In the case of Python for data science, pandas is the de facto standard tool for data manipulation. The reasons for using pandas are numerous and compelling, but it also comes with limitations that can lead to important bottlenecks in your projects. Particularly, pandas is known for its limited performance when dealing with large datasets.

To address these issues, pandas has recently released its 2.0 version, which comes with important revisions and performance improvements (check out this article to find out everything you need to know about pandas 2.0).

In the meantime, new alternatives have appeared in the Python ecosystem to challenge the dominance of pandas. One of the most popular is polars, a Python-and-Rust-based library to conduct faster data analysis.

This article will analyze the differences between pandas 2.0 and polars for data manipulation. It will begin with an analysis of strategies to improve computing performance and end up with a series of tests to compare the performance of the two tools. Let’s get started!

How to Choose Between pandas and polars

There is no single technology that is best in absolute terms to solve all the problems and situations that may arise during your data science workflows. Various factors have to be balanced before making a choice. Here are some of the most relevant factors to consider:

  • Computing performance. As a rule of thumb, the bigger and more complex the project, the more you should consider high-performance tools to avoid computing bottlenecks.
  • Technology stack match. The tools used in a data science project rarely work in a vacuum. Rather, they work in combination with the other tools comprising the technology stack. Before making any choice, you should be mindful of the synergies and fits between technologies.
  • Code compatibility. Choosing a new technology is also about code compatibility and efficiency. If adopting a new tool will result in rewriting code in existing projects, you should include that in your calculus.
  • Popularity. Finally, the popularity of a tool is a proxy of how many people use it, which can be advantageous for the purpose of hiring new developers or solving coding doubts in platforms like Stack Overflow.

How Can You Improve Data Manipulation Performance?

In this section, we will cover the main techniques that can help increase data manipulation performance.

Reducing copying with copy-on-write

In traditional tools for data manipulation, every data operation leads to the creation of a new copy of the entire database. This behavior can be problematic for your memory resources when dealing with large datasets.

Copy-on-write is the most common technique to solve this issue. In essence, copy-on-write is a resource-management technique that allows you to efficiently implement a "duplicate" or "copy" operation on modifiable resources. That means that if a dataset is duplicated but not (entirely) modified, it is not necessary to create a new resource. Instead, the memory resources can be shared between the copy and the original.

Parallel computation

One of the main downsides of pandas is that it’s threaded, meaning that it cannot leverage parallel computing techniques that are now common in data science. Parallel computing is done mainly by either multi-core machines or distributed computing (i.e., a group of computers working together in a cluster).
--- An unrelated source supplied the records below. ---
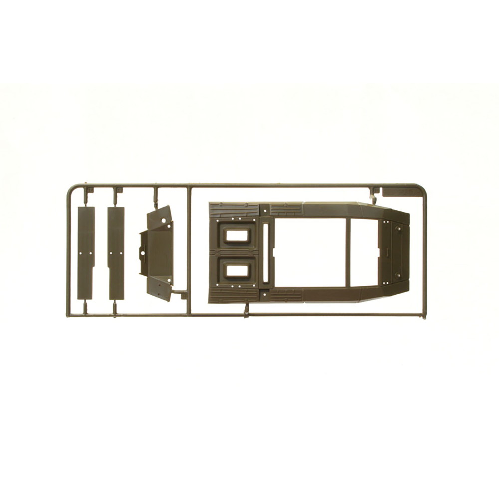 車体は一体成型パーツで再現、下面にはリーフスプリングのサスペンションから6輪駆動のドライブシャフトなどのメカニズムをモデル化。走行性能の高さも伝わってきます。
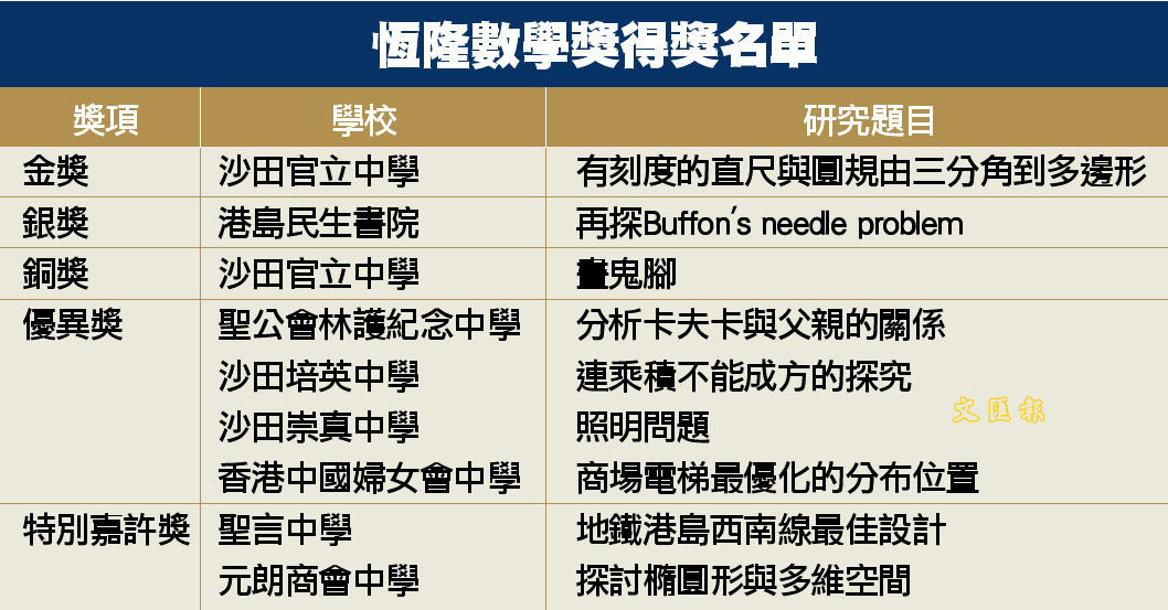 恆隆數學獎得獎名單 (圖)
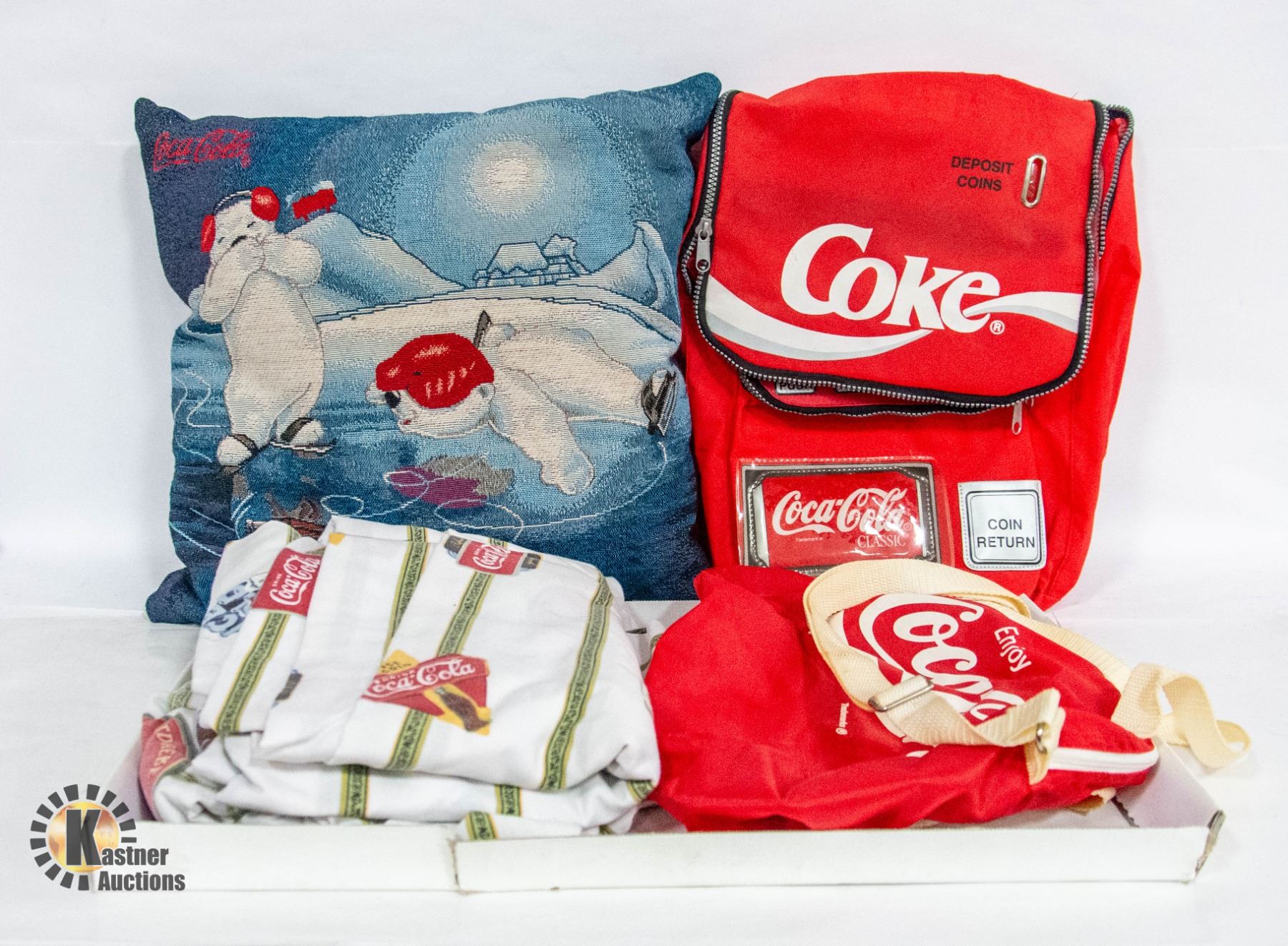 FLAT OF COCA COLA COLLECTABLES, PILLOW BED SHEETS

Take the following example using the popular group by function. If you want to calculate the mean age of basketball players grouped by teams, you could use parallel computing to assign the calculation of the mean of each group to one core or machine instead of calculating them one by one, thereby increasing performance.

Groupby operation

Optimizing data import

The starting point of data analysis is normally reading the datasets you want to study. However, this is often a bottleneck in data projects involving large datasets. Here are some techniques that can help improve performance when reading data files:

  • Data chunking. Instead of reading the full file, you could break it into little pieces, aka chunks. This technique allows for faster data importing while reducing the memory required to store it all simultaneously.
  • Read only required columns. Sometimes you know beforehand the columns of a dataset that you need for your analysis. Instead of reading the whole dataset, you can make a preliminary filter and read only the required columns.
  • Downcasting data types. Tools like pandas have a default behavior when assigning data types to imported columns. Sometimes, there may be other available types that require less memory without losing information. Downcasting is the process of changing data types into the smallest type that can handle its value.

Lazy Evaluation and Query Planning

The order in which operations are made can have an effect on performance. Often, you can reorder some computations and get the same answer more efficiently.

There are two strategies to achieve this: lazy evaluation and query planning. The former refers to the process of delaying computations until absolutely necessary. In contrast, the latter is the process of finding the most efficient way of performing multiple data manipulations given a set of different queries. To do so, query planning normally involves the use of a query optimizer.

Out-of-Core Processing

Tools like pandas store entire datasets in your memory, which can be troubling if you work with large datasets that cannot fit in your computer's memory or perform certain memory-intensive operations.

Here is where out-of-core computations become relevant. In simple words, out-of-core processing refers to external memory (e.g., an external disk) that stores data that otherwise couldn’t fit on your core memory. Out-of-core processing allows you to process externally stored data in chunks, so you eventually will get the same results as if you do the entire process on your computer.

What are Some High-Performance pandas Alternatives?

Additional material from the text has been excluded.